The genes selfishness is macro rather than micro, individual organisms don't matter to it, hence the 'programming' that can occasionally result in less than optimal outcomes for individual members of a species (aka altruism).

In complex organisms & brains it's bound to get a little confused or some accidental 'cross wiring' occur sometimes as well.
-- Skewed, Oct 23 2019


//Human thought [is] governed by instincts molded by ''selfish genes"//

Well, yes and no. Selfish genes have built the hardware, which has a strong influence on how the software runs. But it does not dictate _exactly_ how the software runs. To pick a random example, there are plenty of people who believe in "karma" in the popular sense. That belief might lead them to do something good for an unrelated human or for another species. Now, you can argue that belief in "karma" is an evolutionary adaptation to help us win status and breeding rights. But not everyone believes in "karma" in the same way, and many of the things people do for "karma" are only likely to gain respect in light of very modern attitudes to, for instance, saving the environment. In other words, the way that belief in "karma" manifests is determined not (or not entirely) by our hardware, but also by our thought processes.
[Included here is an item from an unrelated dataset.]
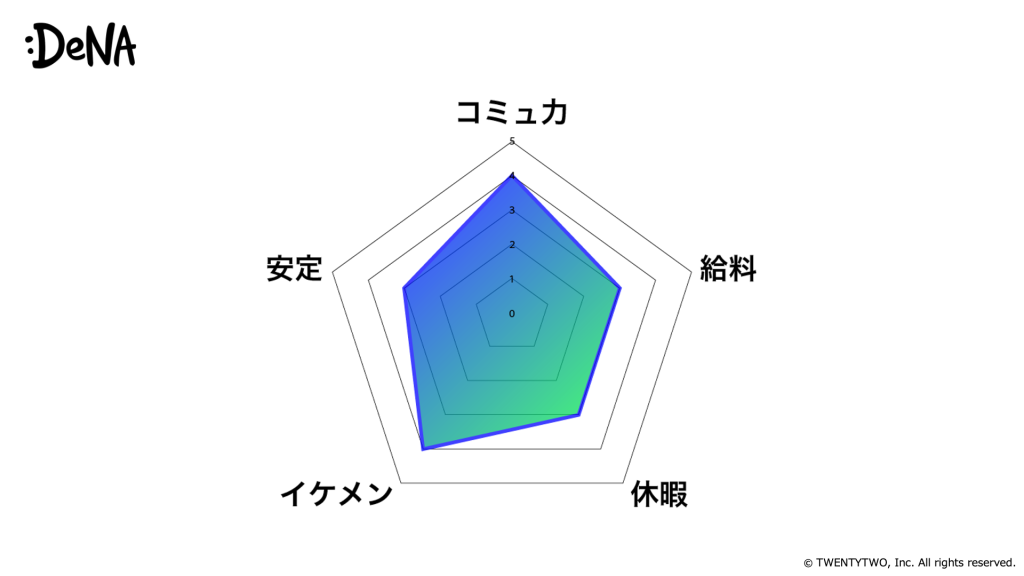 「コミュ力」「給料」「休暇」「イケメン」「安定」の 5つの項目を、それぞれ 5点満点で採点しました。

I'm pretty sure (and I'm buggered if I'm going to re-read all his books) that even Dawkins believed that human thought has the ability to win out over selfish genes in many cases.
-- MaxwellBuchanan, Oct 23 2019


//software//

To some degree your confusing software for the result of running said software. What we think of as thought isn't the software any more than the image on my screen right now is. Software is also something of a misnomer in this case, it's really all as hardwired as the brain you call hardware.

Besides that.. //In complex organisms & brains it's bound to get a little confused or some accidental 'cross wiring' occur sometimes as well//
-- Skewed, Oct 23 2019


Well, OK, but my point stands - human thought is capable of going beyond selfish genes.
-- MaxwellBuchanan, Oct 23 2019


In some ways it doesn’t matter whether it’s a product of selfish genes, ones own genetic disposition, or ones life experiences. Each one of us has our own set of moral beliefs, which guide our actions. I believe we share the vast majority of those (acknowledging some outliers). I think it would be beneficial to collect data across a wide range of people to identify those things that we share and particularly the scope of disagreement.
-- Frankx, Oct 23 2019


I think not. We share very little. Example: the ease with which the Japanese committed the most appalling inhuman acts when they invaded places like China. Even babies were bayoneted for sport and fun, yet do Japanese not respect children's lives? People can say one thing and act out another. There is no consensus as to what "good" means. There is no definition of "good". When the Comanche Indians were skinning their victims alive, they thought this was something good.
-- xenzag, Oct 23 2019


No need if we can just get them to keep binging on Netflix shows
-- theircompetitor, Oct 26 2019


A balance is needed but active is better than passive.